Items from a data source
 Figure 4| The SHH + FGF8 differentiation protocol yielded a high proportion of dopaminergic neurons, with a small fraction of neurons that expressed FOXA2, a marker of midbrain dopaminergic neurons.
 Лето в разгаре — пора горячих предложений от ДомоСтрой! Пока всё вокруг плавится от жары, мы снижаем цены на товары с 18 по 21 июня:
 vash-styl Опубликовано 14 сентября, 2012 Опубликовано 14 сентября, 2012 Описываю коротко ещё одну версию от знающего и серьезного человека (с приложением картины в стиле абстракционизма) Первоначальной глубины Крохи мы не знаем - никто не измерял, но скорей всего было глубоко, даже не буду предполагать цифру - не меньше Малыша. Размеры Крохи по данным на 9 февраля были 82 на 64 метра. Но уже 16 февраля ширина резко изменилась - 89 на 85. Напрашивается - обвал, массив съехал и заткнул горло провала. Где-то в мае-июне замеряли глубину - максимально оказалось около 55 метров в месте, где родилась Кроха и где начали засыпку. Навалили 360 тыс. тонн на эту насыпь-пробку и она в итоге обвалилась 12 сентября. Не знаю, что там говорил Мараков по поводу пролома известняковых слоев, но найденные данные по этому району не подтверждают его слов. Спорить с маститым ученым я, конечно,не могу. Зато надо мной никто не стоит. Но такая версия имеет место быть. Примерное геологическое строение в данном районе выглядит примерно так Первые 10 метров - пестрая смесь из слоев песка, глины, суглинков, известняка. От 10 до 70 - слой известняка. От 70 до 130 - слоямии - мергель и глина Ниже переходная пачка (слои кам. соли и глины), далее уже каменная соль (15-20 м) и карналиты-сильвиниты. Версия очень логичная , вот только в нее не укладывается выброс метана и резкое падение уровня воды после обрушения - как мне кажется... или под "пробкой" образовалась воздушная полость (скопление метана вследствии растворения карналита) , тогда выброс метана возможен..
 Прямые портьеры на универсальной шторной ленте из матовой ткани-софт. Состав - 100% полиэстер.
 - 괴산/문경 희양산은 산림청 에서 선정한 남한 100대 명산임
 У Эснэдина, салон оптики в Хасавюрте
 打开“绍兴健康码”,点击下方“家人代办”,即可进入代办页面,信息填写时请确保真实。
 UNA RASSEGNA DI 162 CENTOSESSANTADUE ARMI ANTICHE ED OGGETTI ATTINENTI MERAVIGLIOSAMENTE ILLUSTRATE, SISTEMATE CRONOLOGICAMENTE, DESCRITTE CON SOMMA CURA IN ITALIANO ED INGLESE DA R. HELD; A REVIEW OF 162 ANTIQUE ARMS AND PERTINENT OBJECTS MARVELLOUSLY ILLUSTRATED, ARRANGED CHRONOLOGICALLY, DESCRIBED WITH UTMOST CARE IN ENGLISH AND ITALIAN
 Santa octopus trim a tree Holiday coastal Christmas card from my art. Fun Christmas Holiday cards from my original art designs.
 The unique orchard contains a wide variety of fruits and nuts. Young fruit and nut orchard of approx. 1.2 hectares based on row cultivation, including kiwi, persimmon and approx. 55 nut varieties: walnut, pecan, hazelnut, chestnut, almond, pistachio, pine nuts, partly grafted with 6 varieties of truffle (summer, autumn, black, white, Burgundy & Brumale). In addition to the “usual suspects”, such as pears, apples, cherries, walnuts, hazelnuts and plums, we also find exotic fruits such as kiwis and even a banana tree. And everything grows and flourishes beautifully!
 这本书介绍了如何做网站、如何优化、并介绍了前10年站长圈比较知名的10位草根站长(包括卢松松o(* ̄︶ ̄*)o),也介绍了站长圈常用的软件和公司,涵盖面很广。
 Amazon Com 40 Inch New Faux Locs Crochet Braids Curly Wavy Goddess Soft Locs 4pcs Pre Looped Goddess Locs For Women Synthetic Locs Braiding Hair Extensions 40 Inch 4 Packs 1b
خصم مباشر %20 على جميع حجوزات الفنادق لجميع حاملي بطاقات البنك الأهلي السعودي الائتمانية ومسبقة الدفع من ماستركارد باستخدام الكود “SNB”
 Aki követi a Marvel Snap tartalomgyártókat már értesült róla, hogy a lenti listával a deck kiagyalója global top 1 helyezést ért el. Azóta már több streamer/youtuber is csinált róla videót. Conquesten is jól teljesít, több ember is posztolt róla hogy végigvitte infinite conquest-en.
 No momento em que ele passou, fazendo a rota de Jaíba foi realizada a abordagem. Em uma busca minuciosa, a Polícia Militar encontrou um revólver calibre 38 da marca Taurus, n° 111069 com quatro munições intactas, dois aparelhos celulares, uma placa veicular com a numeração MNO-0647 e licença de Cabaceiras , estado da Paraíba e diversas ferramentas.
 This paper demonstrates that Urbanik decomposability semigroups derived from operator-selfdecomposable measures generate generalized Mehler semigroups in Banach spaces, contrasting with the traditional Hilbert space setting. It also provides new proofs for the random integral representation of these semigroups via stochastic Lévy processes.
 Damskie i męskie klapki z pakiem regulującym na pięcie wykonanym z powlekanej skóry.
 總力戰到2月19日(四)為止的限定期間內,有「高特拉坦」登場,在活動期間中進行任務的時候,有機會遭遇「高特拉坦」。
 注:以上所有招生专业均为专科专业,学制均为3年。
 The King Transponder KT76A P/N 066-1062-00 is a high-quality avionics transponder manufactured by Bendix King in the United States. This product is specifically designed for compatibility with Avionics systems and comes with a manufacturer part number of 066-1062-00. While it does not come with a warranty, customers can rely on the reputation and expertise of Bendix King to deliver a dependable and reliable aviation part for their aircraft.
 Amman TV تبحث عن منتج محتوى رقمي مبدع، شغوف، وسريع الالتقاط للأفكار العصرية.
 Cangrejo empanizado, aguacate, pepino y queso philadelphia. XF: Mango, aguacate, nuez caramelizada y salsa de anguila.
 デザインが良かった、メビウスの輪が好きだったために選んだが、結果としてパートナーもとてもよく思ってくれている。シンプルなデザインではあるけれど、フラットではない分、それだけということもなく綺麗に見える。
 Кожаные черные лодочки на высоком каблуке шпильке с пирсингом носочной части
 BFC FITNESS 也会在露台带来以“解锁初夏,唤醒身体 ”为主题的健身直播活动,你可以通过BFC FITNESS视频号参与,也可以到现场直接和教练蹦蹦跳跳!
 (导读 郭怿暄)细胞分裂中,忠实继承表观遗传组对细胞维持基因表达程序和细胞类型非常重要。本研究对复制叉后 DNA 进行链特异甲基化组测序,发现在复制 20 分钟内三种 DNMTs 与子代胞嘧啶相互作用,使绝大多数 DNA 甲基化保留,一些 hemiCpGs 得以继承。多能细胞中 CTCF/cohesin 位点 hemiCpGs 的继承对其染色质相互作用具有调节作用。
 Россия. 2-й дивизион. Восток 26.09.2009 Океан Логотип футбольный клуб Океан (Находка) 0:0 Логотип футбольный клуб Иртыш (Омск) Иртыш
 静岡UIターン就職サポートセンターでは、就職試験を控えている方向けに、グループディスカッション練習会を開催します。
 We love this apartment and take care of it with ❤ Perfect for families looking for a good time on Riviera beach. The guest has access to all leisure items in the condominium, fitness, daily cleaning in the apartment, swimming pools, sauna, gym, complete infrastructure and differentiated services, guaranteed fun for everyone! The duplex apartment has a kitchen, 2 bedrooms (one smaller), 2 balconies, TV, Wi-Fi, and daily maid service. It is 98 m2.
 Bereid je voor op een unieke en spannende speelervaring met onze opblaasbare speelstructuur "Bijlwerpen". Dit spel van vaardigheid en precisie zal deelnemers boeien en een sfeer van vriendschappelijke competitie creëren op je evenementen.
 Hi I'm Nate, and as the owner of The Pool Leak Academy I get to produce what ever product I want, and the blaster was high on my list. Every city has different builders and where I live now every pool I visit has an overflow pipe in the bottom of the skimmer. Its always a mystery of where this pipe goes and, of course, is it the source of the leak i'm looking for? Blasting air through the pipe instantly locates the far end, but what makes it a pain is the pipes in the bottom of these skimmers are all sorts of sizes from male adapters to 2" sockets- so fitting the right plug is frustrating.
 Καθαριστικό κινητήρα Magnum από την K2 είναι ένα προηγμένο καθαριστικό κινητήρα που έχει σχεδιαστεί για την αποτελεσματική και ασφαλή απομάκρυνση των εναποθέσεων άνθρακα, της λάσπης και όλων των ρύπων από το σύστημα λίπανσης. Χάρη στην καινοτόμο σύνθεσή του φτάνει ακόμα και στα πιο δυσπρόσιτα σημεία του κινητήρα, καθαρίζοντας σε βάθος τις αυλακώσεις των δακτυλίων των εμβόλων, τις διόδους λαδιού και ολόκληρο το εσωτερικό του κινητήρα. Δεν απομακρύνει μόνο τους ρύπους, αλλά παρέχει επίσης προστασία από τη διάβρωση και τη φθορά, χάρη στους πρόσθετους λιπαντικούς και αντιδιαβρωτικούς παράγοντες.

Task statement: Where the data above reaches the line holding "У Эснэдина, салон оптики в Хасавюрте", begin printing, and stop after the line holding "Santa octopus trim". Each line must be reproduced exactly, with nothing else added.

Answer to the problem:
 У Эснэдина, салон оптики в Хасавюрте
 打开“绍兴健康码”,点击下方“家人代办”,即可进入代办页面,信息填写时请确保真实。
 UNA RASSEGNA DI 162 CENTOSESSANTADUE ARMI ANTICHE ED OGGETTI ATTINENTI MERAVIGLIOSAMENTE ILLUSTRATE, SISTEMATE CRONOLOGICAMENTE, DESCRITTE CON SOMMA CURA IN ITALIANO ED INGLESE DA R. HELD; A REVIEW OF 162 ANTIQUE ARMS AND PERTINENT OBJECTS MARVELLOUSLY ILLUSTRATED, ARRANGED CHRONOLOGICALLY, DESCRIBED WITH UTMOST CARE IN ENGLISH AND ITALIAN
 Santa octopus trim a tree Holiday coastal Christmas card from my art. Fun Christmas Holiday cards from my original art designs.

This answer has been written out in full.